• _DATA SECTION_
----

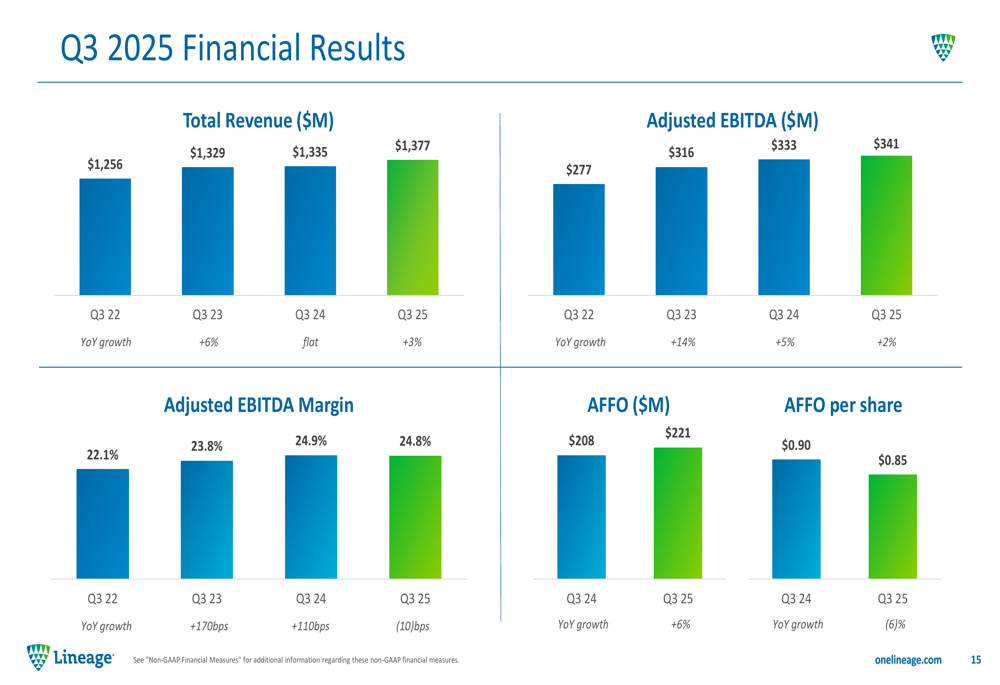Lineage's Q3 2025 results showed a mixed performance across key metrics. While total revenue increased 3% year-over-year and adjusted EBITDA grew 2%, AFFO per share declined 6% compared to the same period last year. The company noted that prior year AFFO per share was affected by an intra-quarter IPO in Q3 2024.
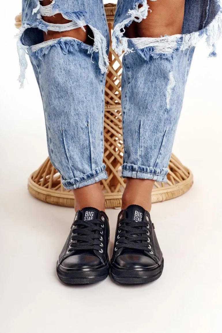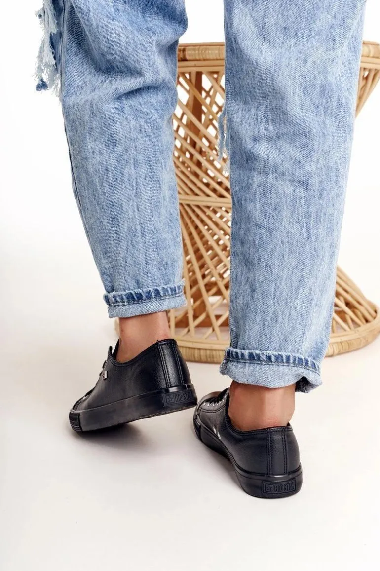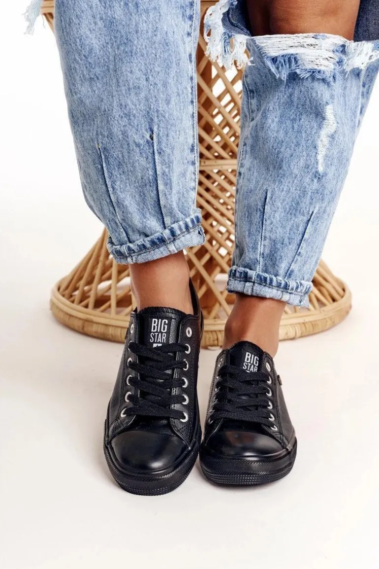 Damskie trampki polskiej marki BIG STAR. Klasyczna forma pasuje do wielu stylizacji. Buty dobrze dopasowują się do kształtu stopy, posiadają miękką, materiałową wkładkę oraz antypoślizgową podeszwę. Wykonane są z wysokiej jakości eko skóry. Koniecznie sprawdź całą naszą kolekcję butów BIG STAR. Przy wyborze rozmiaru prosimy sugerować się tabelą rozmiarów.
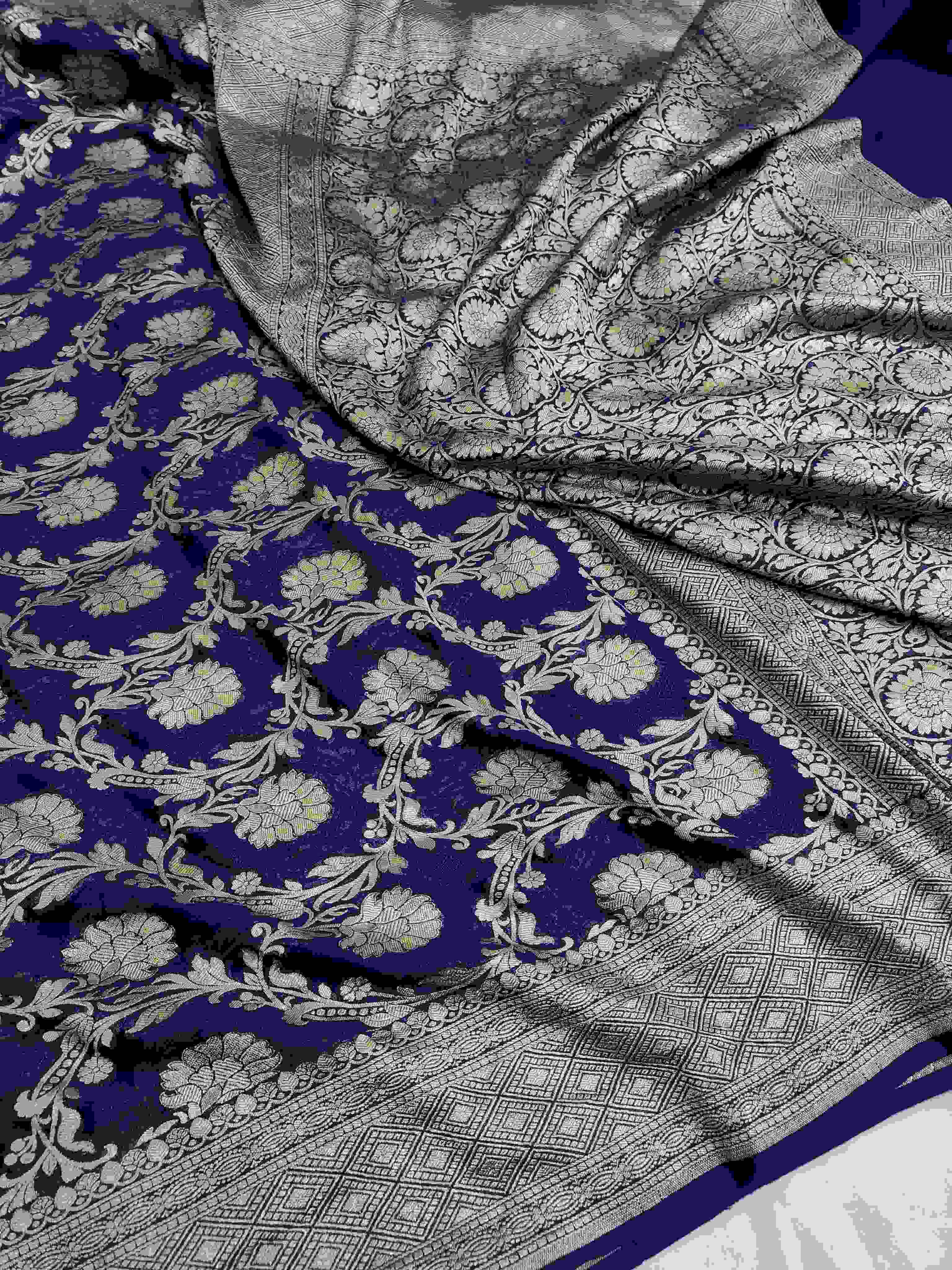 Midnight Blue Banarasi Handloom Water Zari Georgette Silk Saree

----

• _ACTIVITY_
An exact restatement is expected of the lines from the line containing "Damskie trampki polskiej" to the end of the data above, pictures excluded.

• _ANSWER TO THIS PROBLEM_
 Damskie trampki polskiej marki BIG STAR. Klasyczna forma pasuje do wielu stylizacji. Buty dobrze dopasowują się do kształtu stopy, posiadają miękką, materiałową wkładkę oraz antypoślizgową podeszwę. Wykonane są z wysokiej jakości eko skóry. Koniecznie sprawdź całą naszą kolekcję butów BIG STAR. Przy wyborze rozmiaru prosimy sugerować się tabelą rozmiarów.
 Midnight Blue Banarasi Handloom Water Zari Georgette Silk Saree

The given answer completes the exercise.